Coffee calories alone: two calories per cup but you put sugar or milk.

Advantages of drinking coffee:

Is it healthy or harmful drinking coffee drink lots of coffee? • A recent study found that coffee reduces the risk of type 2 diabetes, Parkinson’s disease, gallstones and some cancers.

• In a study that monitored women who drank two to three cups a day for 24 years. The results raised the risk of dying from the disease in question, declined moderately in comparison with others who did not take coffee.

Disadvantages of drinking coffee:

• Despite potential benefits, caffeine is addictive, active gastrointestinal problems, insomnia, irregular heartbeat, and anxiety.

• Coffee with caramel and whipped cream frappucino have 380 calories so you have to eat them occasionally.

• Take note of the effects that this drink will produce and enjoy it in moderation or abstain.

• Consider organic varieties.

Organic Foods, Rich in Antioxidants

Organic FoodsMore or less a decade, various investigations have been conducted comparing the nutritional properties of organic foods and food of intensive farming, pesticides or genetically modified seeds.
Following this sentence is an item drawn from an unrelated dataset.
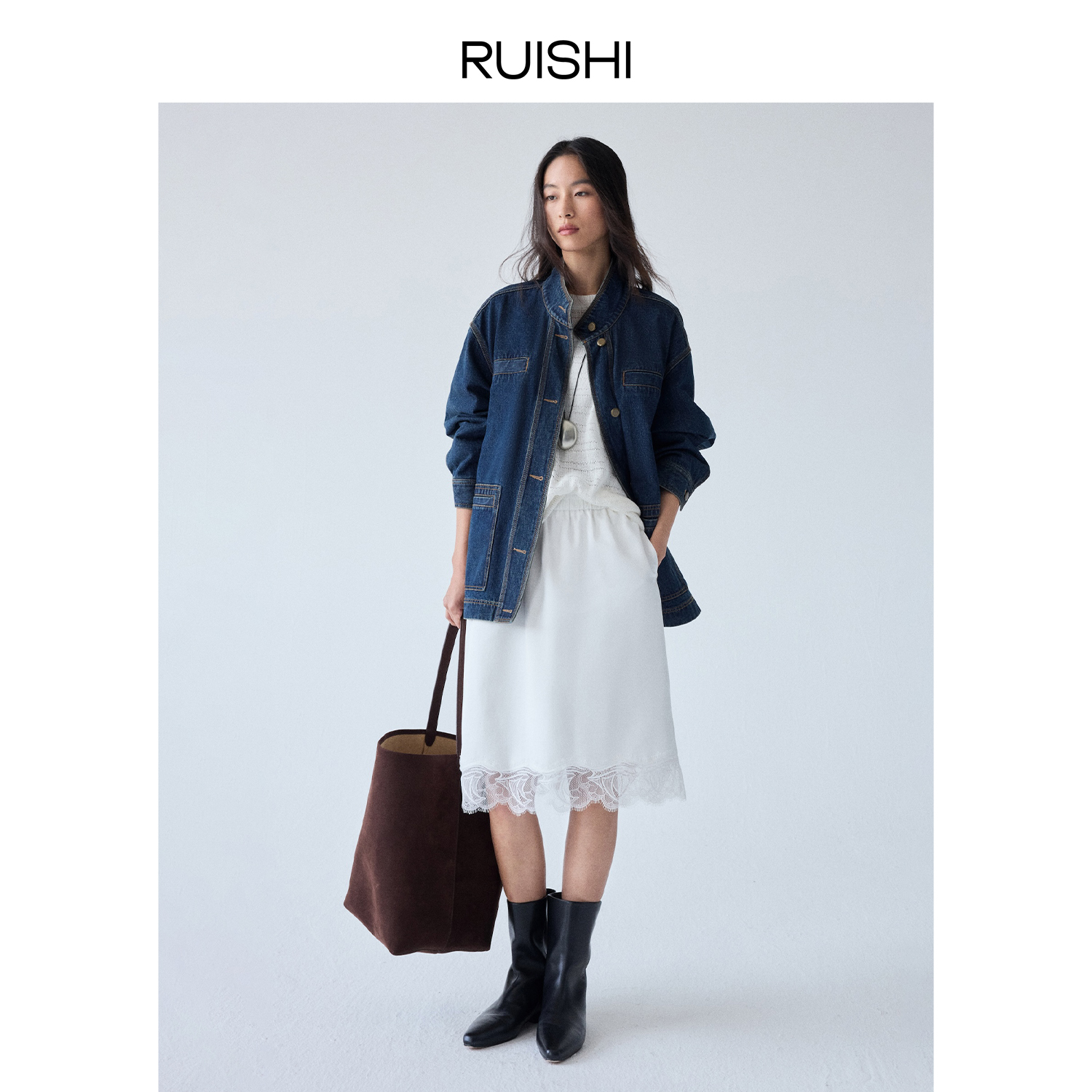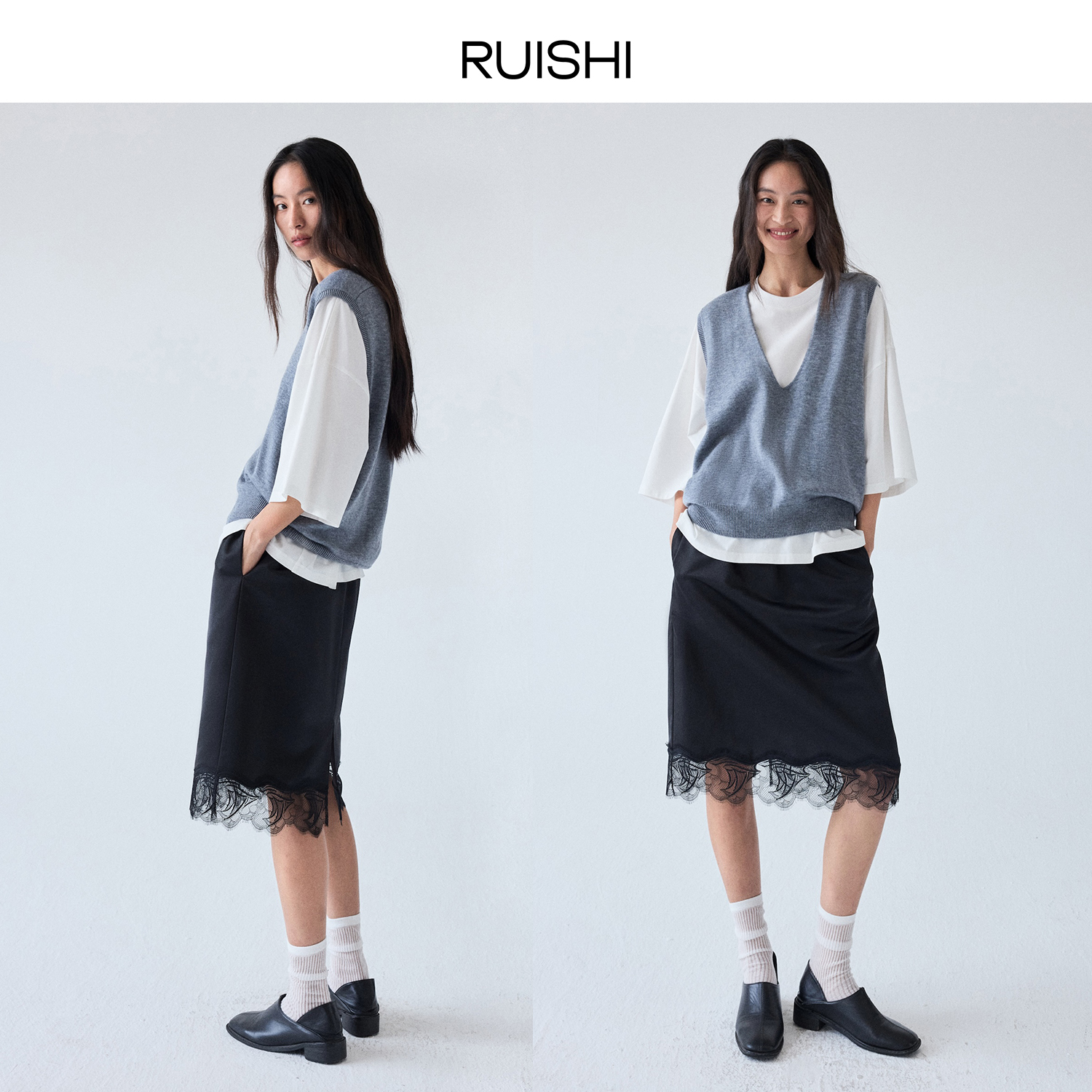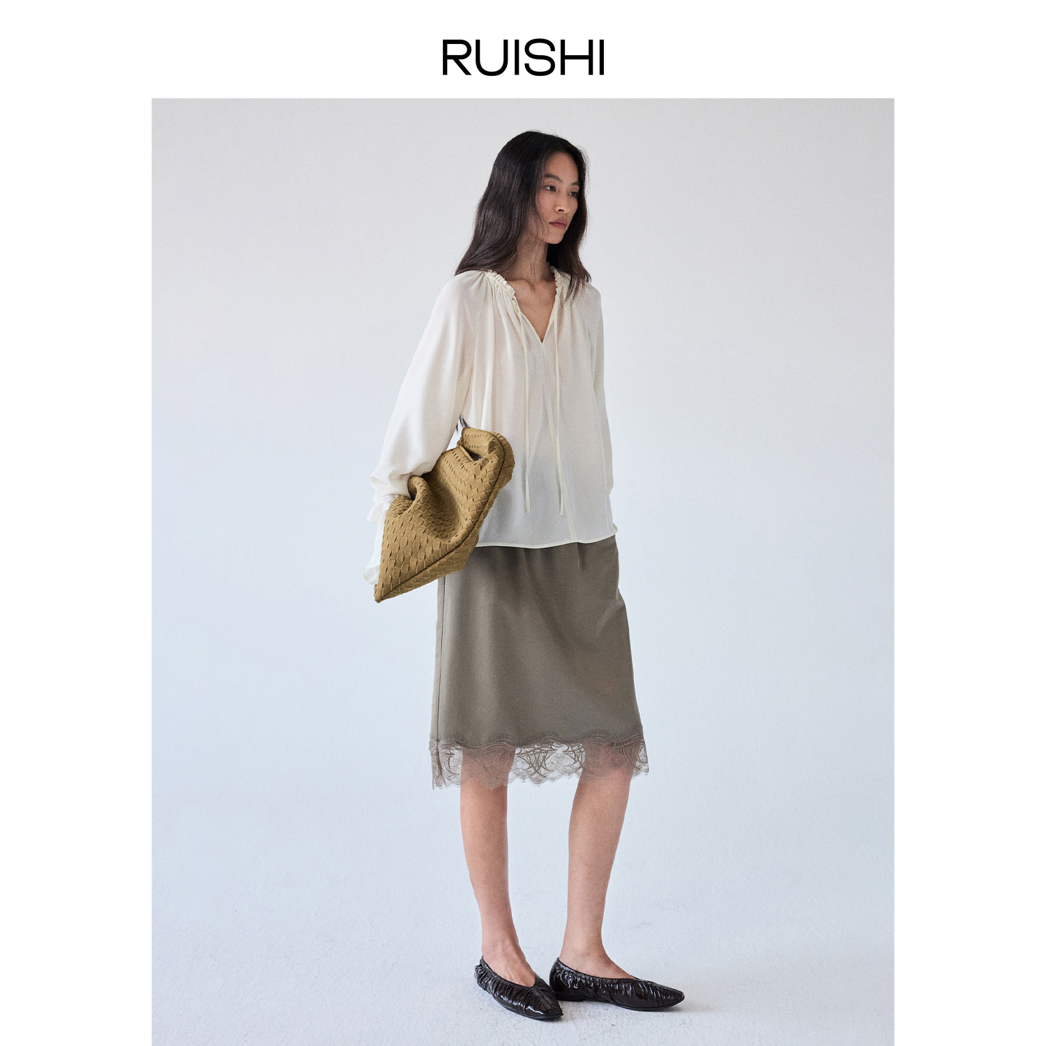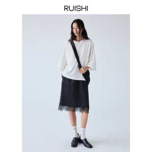 RUISHI芮时 莱赛尔定位蕾丝拼接直筒半身裙柔焦感缎面短裙女夏

The results so far favor the first and the last survey by European Project Quality Low Input Food (QLIF) showed that fruits and vegetables grown organically or organically have up to 40% more antioxidants than conventional foods. In relation to studies of milk, it was shown that organic milk has up to 60% of healthy fats such as Omega 3 acids and conjugated linoleic acid.

We also know that organic foods concentrate certain substances less harmful to our health, such as pesticides, insecticides and additives commonly used in intensive farming.

While it is important this information is also important to consider the quality and labeling of organic foods, properly to ensure the safety of its production, as they still control in these crops is not well done.